# WORK ORDER:
Retype word for word the stretch of entries below from the line that has "Take your first" through the line that has "A Telma quer", and omit the pictures.

# THE INPUT:

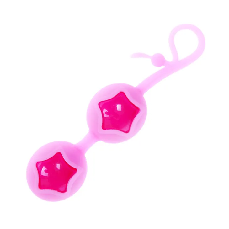 Вагинальные шарики со смещенным центром тяжести. С выпуклым рисунком звёзд. Диаметр – 3,5 см. Длина шарика – 4 см. Два шарика соединены короткой силиконовой перемычкой. Общая длина: 15 см. Рабочая длина: 9,5. Материал – силикон. На ощупь – бархатистый. Упаковка- картонная коробка с принтом. Цвет – розовый. Вес игрушки: 87 гр.
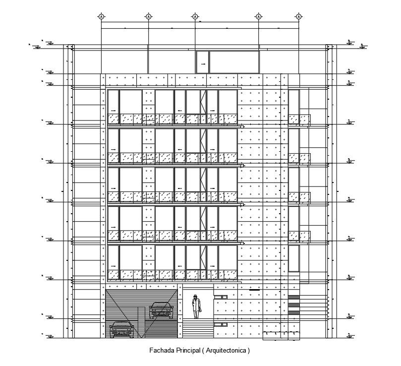 Left side elevation view of 21x15m house building has been given in this AutoCAD drawing file. This is G+ 6 apartment building. In this plan two houses are available. In each house kitchen, dining area, living hall, master bedroom with attached toilet, common toilet, kid’s room with attached toilet, and guest room is available. For more details download the AutoCAD drawing file. Thank you for downloading the AutoCAD drawing file and other CAD program files from our website.
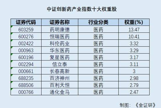 此外,从成份股来看,中证创新药指数权重包括恒瑞医药、药明康德、百济神州、复星医药、华东医药、长春高新等研发实力强劲、高成长性的行业龙头,覆盖创新药研发、CXO、生物药等多个细分领域。且前指数十大成份股权重47.45%,较高的成份股集中度也赋予指数较突出的锐度和弹性。
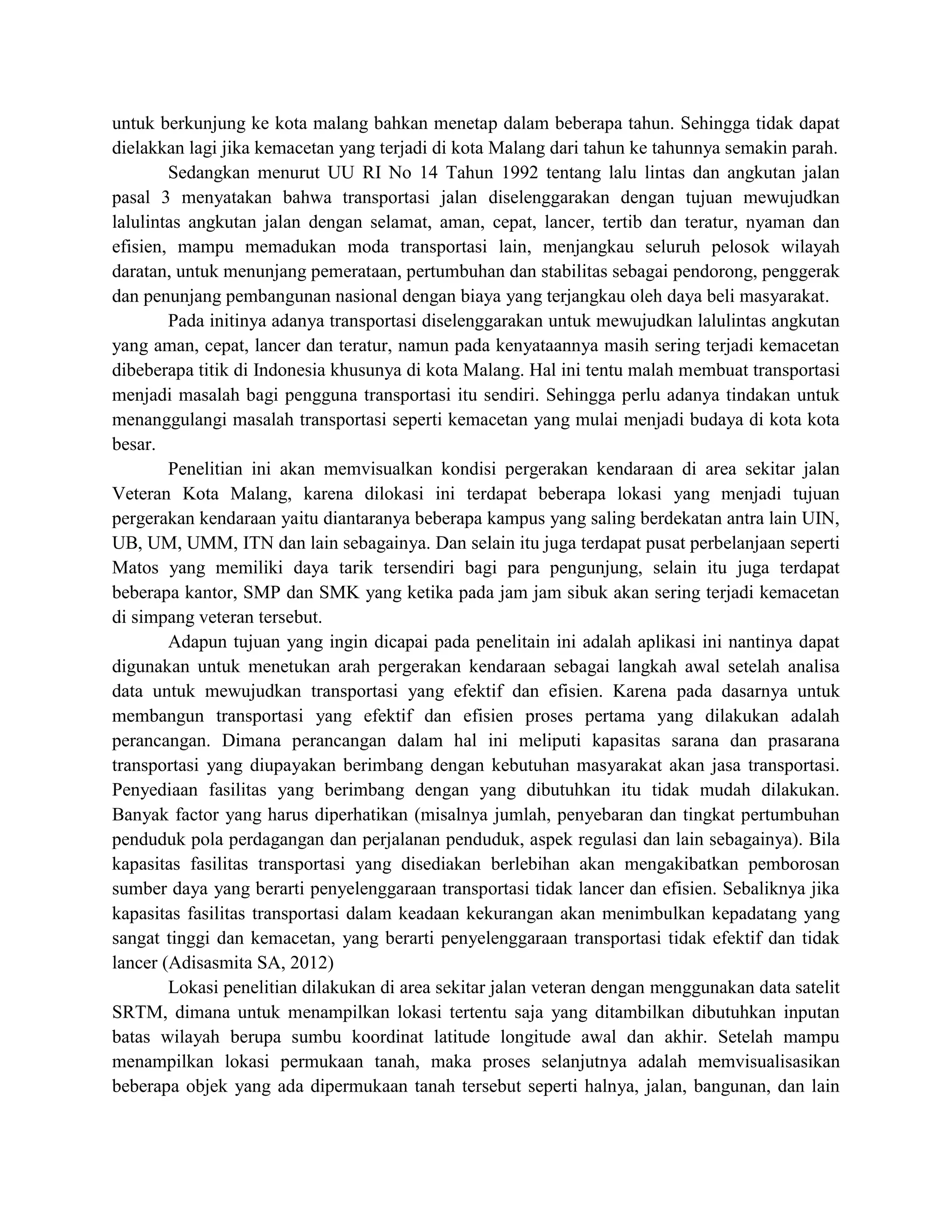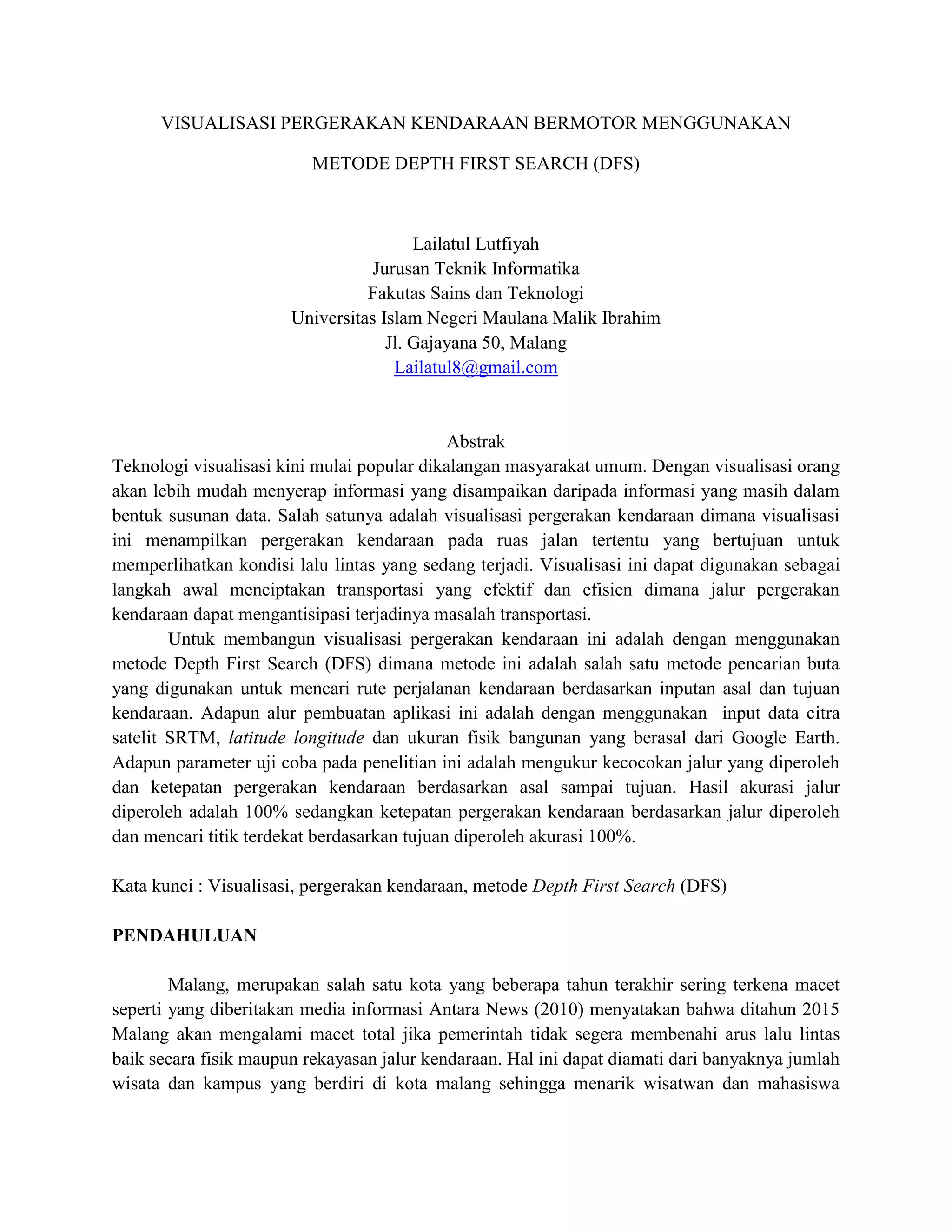 Dokumen ini membahas tentang visualisasi pergerakan kendaraan di kota Malang menggunakan metode Depth First Search (DFS). Hasil uji coba menunjukkan bahwa metode ini dapat dengan akurasi 100% menentukan rute perjalanan kendaraan berdasarkan data yang di input. Penelitian ini bertujuan untuk menciptakan sistem transportasi yang lebih efektif dan efisien dengan memperhatikan kondisi lalu lintas yang ada.
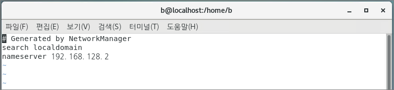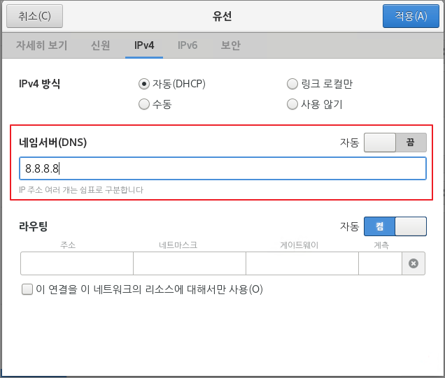 네트워크 매니저를 사용할 경우 위와 같이 네트워크 매니저에 의하여 DNS 주소가 지정됩니다.
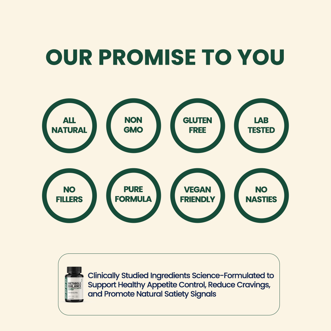 Take your first 2 capsules 20–30 minutes before lunch — when food noise peaks and cravings feel hardest to resist. Metabolic Balance helps support your body's natural "stop eating" signal, so portions feel easier to manage, and you feel satisfied sooner.
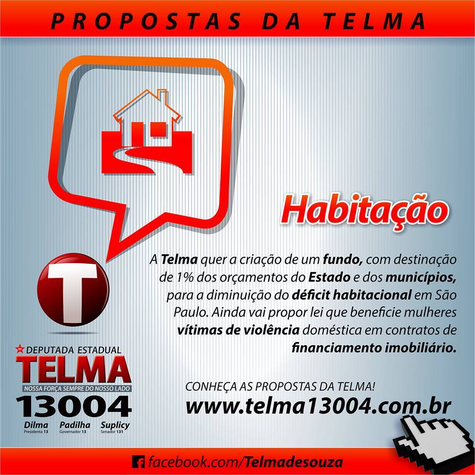 A Telma quer a criação de um fundo, com destinação de 1% dos orçamentos do Estado e dos municípios, para a diminuição do déficit habitacional em São Paulo. Ainda vai propor lei que beneficie mulheres vítimas de violência doméstica em contratos de financiamento imobiliário.
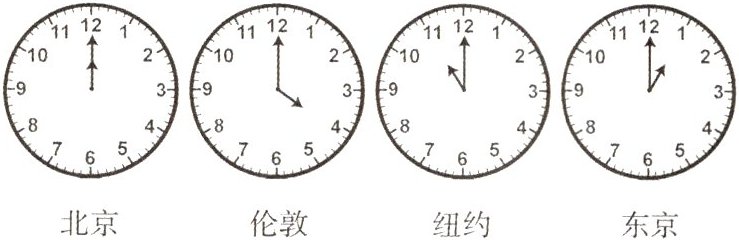 5. 贝贝到厦门旅游,看见宾馆大厅的四个时钟分别表示四个城市的时间(如下图),同一时刻四个城市时间不同的原因是(

# EXERCISE RESULT:
 Take your first 2 capsules 20–30 minutes before lunch — when food noise peaks and cravings feel hardest to resist. Metabolic Balance helps support your body's natural "stop eating" signal, so portions feel easier to manage, and you feel satisfied sooner.
 A Telma quer a criação de um fundo, com destinação de 1% dos orçamentos do Estado e dos municípios, para a diminuição do déficit habitacional em São Paulo. Ainda vai propor lei que beneficie mulheres vítimas de violência doméstica em contratos de financiamento imobiliário.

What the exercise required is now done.